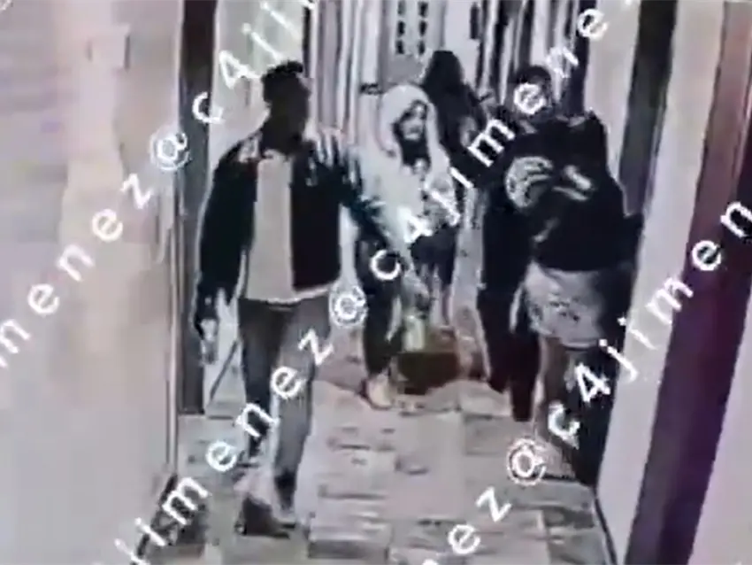 Las cámaras de seguridad documentaron el arribo al hotel alrededor de las 4:08 de la madrugada. En las imágenes se observa a Joshua con visibles dificultades para caminar, tambaleándose mientras sostenía botellas en las manos. Su amigo Carlos permanecía junto a las tres mujeres mientras ingresaban al inmueble.
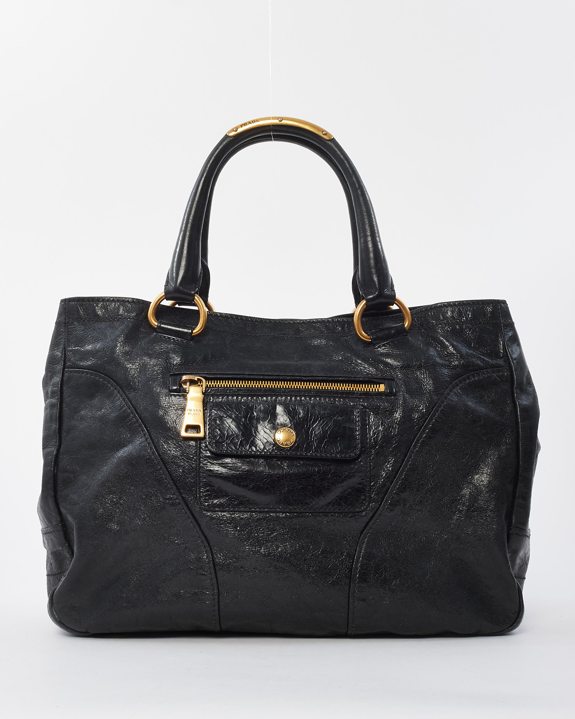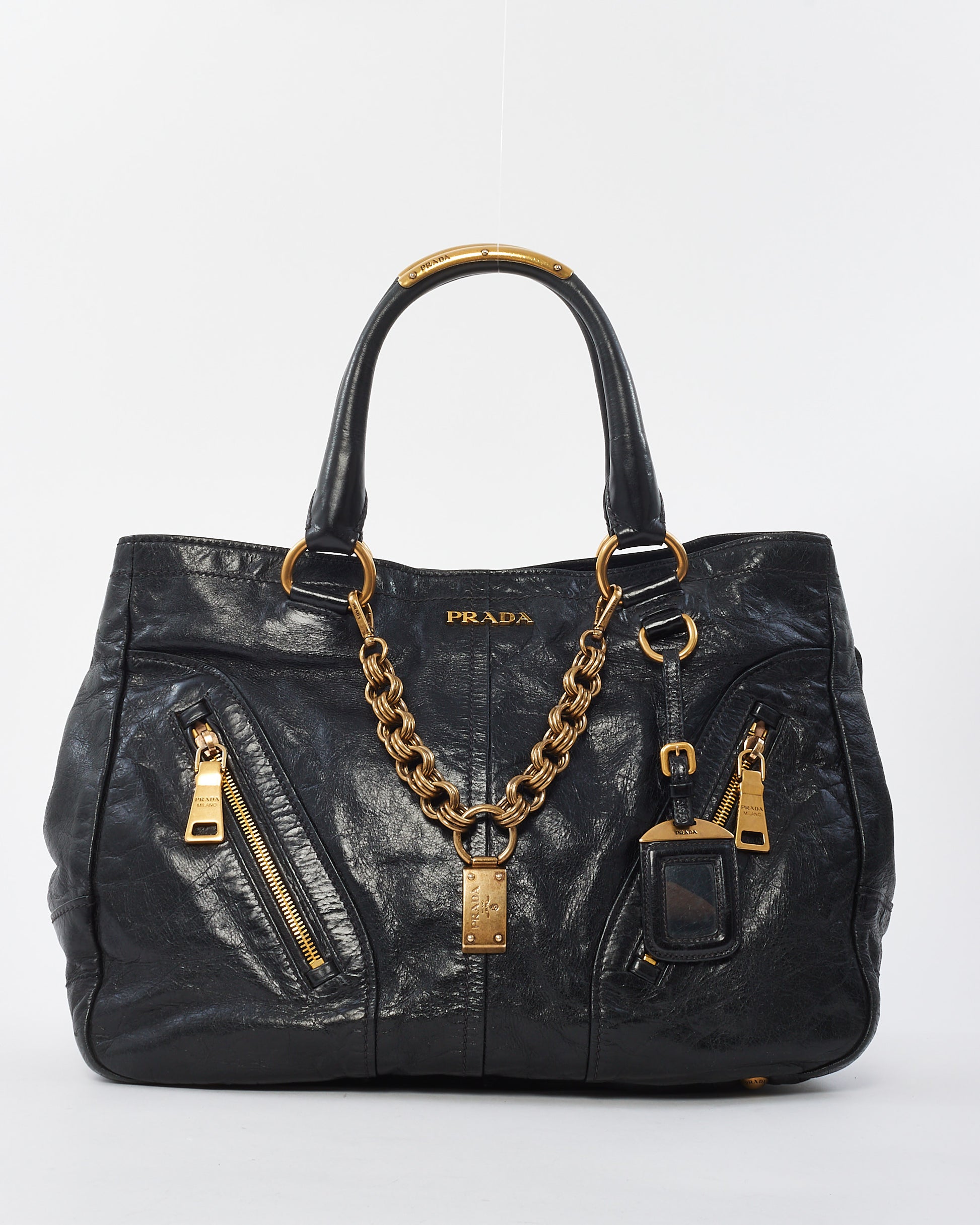 Explore Prada's exquisite collection of handbags, featuring this certified pre-owned Vintage Black Leather & Gold Zipper Detail Shoulder Bag. Embodying timeless elegance and modern sustainability, each piece, including favorites like this, is authenticated by Retyche. Discover sustainable luxury — shop our current treasures or find inspiration for your next coveted find.
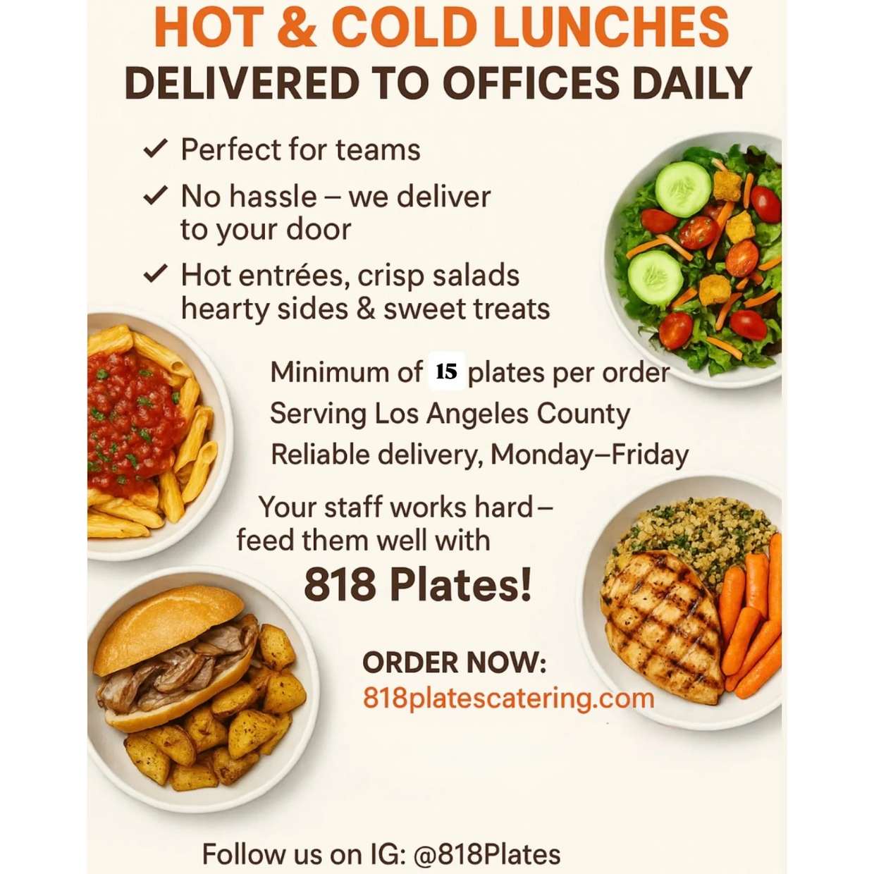 Tired of the same lunch routine? Let 818 Plates bring the flavor to your office with hot & cold lunches delivered fresh daily!
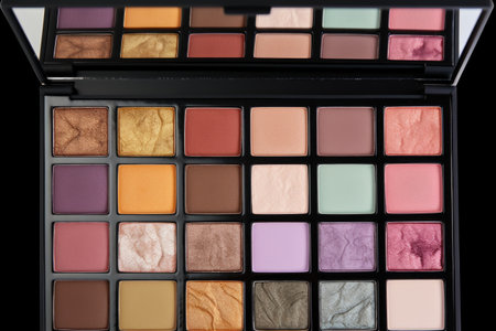 Cosmetics palette closeup with different colors, flatlay, Generative AI
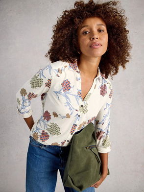 Annie Mixed Print Jersey Shirt, White/Multi
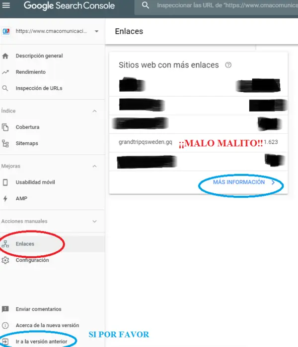 Voy a explicar Search Console (con la versión nueva, ole yo) porque está a disposición de todo el mundo, es gratis y siendo igualmente válido para nuestro objetivo, parece la mejor opción para hacer nuestra guía disavow.
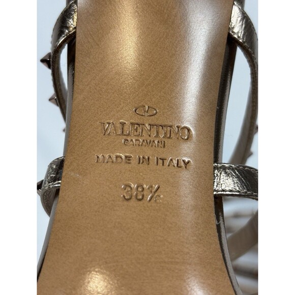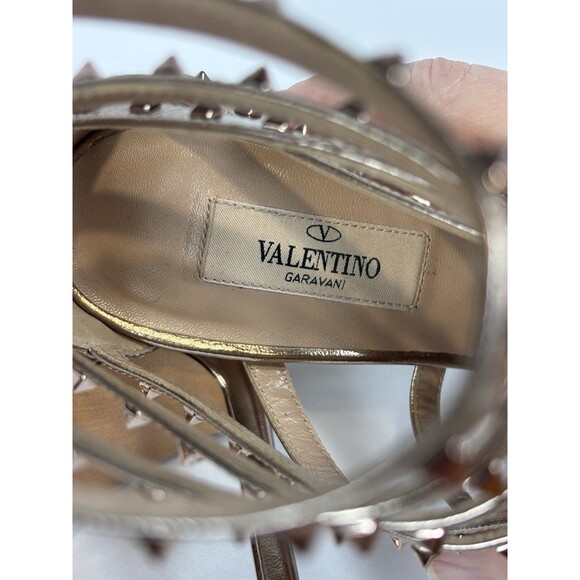 Valentino Rockstud Lovestud Cage Sandals Gold Bronze Studded Strappy Stiletto Heels Size 38.5
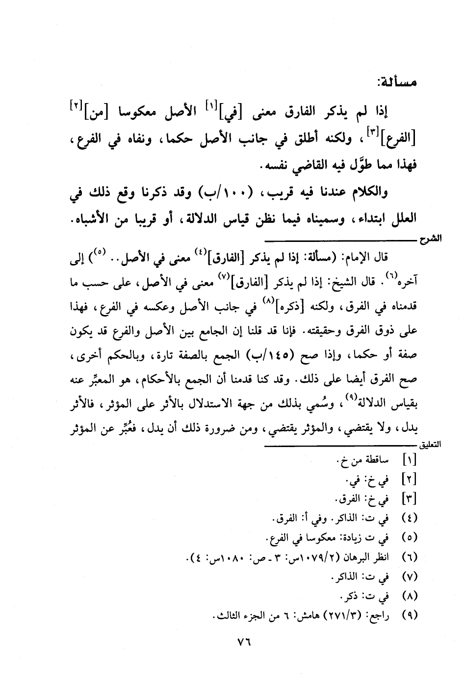 قال الإمام: (مسألة: إذا لم يذكر [الفارق] معنى في الأصل .. ) إلى آخره. قال الشيخ: إذا لم يذكر [الفارق] معنى في الأصل، على حسب ما قدمناه في الفرق، ولكنه [ذكره] في جانب الأصل وعكسه في الفرع، فهذا على ذوق الفرق وحقيقته. فإنا قد قلنا إن الجامع بين الأصل والفرع قد يكون صفة أو حكمًا، وإذا صح (١٤٥/ ب) الجمع بالصفة تارة، وبالحكم أخرى، صح الفرق أيضًا على ذلك. وقد كنا قدمنا أن الجمع بالأحكام، هو المعبر عنه بقياس الدلالة، وسمي بذلك من جهة الاستدلال بالأثر على المؤثر، فالأثر يدل، ولا يقتضي، والمؤثر يقتضي، ومن ضرورة ذلك أن يدل، فعُبِّر عن المؤثر

EXERCISE INSTRUCTIONS:
Give back exactly the lines from the one with "Cosmetics palette closeup" through the end of the records above, inclusive, and omit any pictures.

SOLUTION TO THIS TASK:
 Cosmetics palette closeup with different colors, flatlay, Generative AI
 Annie Mixed Print Jersey Shirt, White/Multi
 Voy a explicar Search Console (con la versión nueva, ole yo) porque está a disposición de todo el mundo, es gratis y siendo igualmente válido para nuestro objetivo, parece la mejor opción para hacer nuestra guía disavow.
 Valentino Rockstud Lovestud Cage Sandals Gold Bronze Studded Strappy Stiletto Heels Size 38.5
 قال الإمام: (مسألة: إذا لم يذكر [الفارق] معنى في الأصل .. ) إلى آخره. قال الشيخ: إذا لم يذكر [الفارق] معنى في الأصل، على حسب ما قدمناه في الفرق، ولكنه [ذكره] في جانب الأصل وعكسه في الفرع، فهذا على ذوق الفرق وحقيقته. فإنا قد قلنا إن الجامع بين الأصل والفرع قد يكون صفة أو حكمًا، وإذا صح (١٤٥/ ب) الجمع بالصفة تارة، وبالحكم أخرى، صح الفرق أيضًا على ذلك. وقد كنا قدمنا أن الجمع بالأحكام، هو المعبر عنه بقياس الدلالة، وسمي بذلك من جهة الاستدلال بالأثر على المؤثر، فالأثر يدل، ولا يقتضي، والمؤثر يقتضي، ومن ضرورة ذلك أن يدل، فعُبِّر عن المؤثر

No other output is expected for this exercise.